I have been wanting to write something about abuse, and women, and feminism since the Weinstein scandal broke out. I approached it from a handful of angles; I got about halfway through a misguided thought-piece about the matriarchy and social ladder of hyenas, I practiced a shpiel on the “not cool bro” mentality and how to assert it, I even tried to find some way to reconcile how much I loved Louis C.K.’s stand-up but hated his actions(hint, can’t be done), none of it felt right.
I think there’s a reason why.
I think there’s a pretty obvious reason why.
I think there is an elephant, that is not just in the room, but has swollen and contorted itself so violently it has become the room. And on its tusks the reason is chiseled: that anytime abuse has made the brief cameo appearances in my life that it has, I was on the other side of it.
“But its cool, because now I’m so fucking woke.“
That’s really it though isn’t it? Men’s silent complacence towards the heinous things that women, LGBTQ, and any folks that aren’t us have been dealing with on the daily? That’s nothing new. We’ve known that since day one.
“But, I mean, that’s the world we we’re raised in.”
Morality is a light. A light that cannot be dimmed. And every time we convinced ourselves that something we did was excusable, we were placing thin white sheets in front of something bright and burning, until we couldn’t see the source anymore. But we knew it was still there. It was always there. There was just enough thinly woven something between us and it that we didn’t have to care anymore. But that light was still there, still shining, still glowing, still hot.
“Chill out, it was a joke.”
So we forgot about it. Forgot that there was something important trying to tell us something important. We hung up more sheets. Sheets with feverishly scrawled words in the darkest ink we could find, that said things like; “I wouldn’t”, “I didn’t”, “I won’t”, when of course we did, were, and will.
“I dunno man, I was hammered, who’s to say?”
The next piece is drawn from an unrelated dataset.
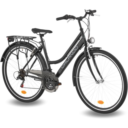 ORLANDO TREKKING - нова модель, створена спеціально для нового сезону. Він підходить не тільки для міської їзди, але і для поїздок вихідного дня за місто. Трекінговий варіант дозволяє комфортно кататися незалежно від умов і покриття. Дуже добре керує лісовими дорогами та бездоріжжям. Фабрика багата переднім і заднім освітленням, стійкою, бризковиками та підставкою для велосипеда.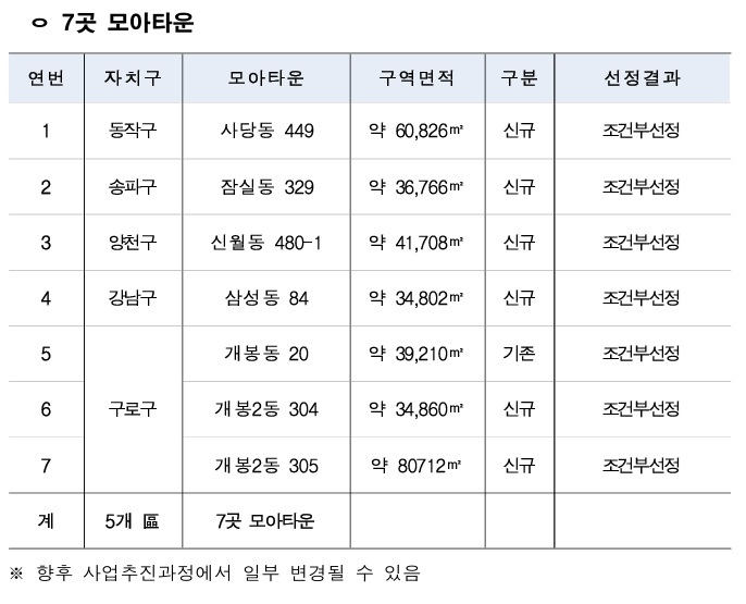 [서울=뉴스핌] 조수민 기자 = 서울시는 구로구 개봉동, 송파구 잠실동 등 총 7곳을 서울주택도시개발공사(SH) 참여 모아타운 최종 대상지로 선정했다고 27일 밝혔다.

We didn’t stop the thing we knew was wrong. We couldn’t silence the voice. We couldn’t dim the light. We just made it shine on things that weren’t us; thinner things, things that diffused and refracted, until what finally illuminated us was soft and assuring. We made it whisper caveats that gleefully excluded our names. We tried turning our lanterns and found that anything it cast its gaze on made us sick. So we put up more sheets.
“It is what it is.”
There is a burn coming. A burn to expunge eyes that appraise and singe hands that grasp. That light that we forgot about, that light that we chose to ignore, that light that we barricaded behind cotton and nothing, that light that used to throw itself against the walls of our chests until it became more comfortable to extract; it hasn’t cooled. It was never softened. It didn’t change. Its only grown. Its angry now, as it has always been. And it was our mistake for hiding it behind something flammable.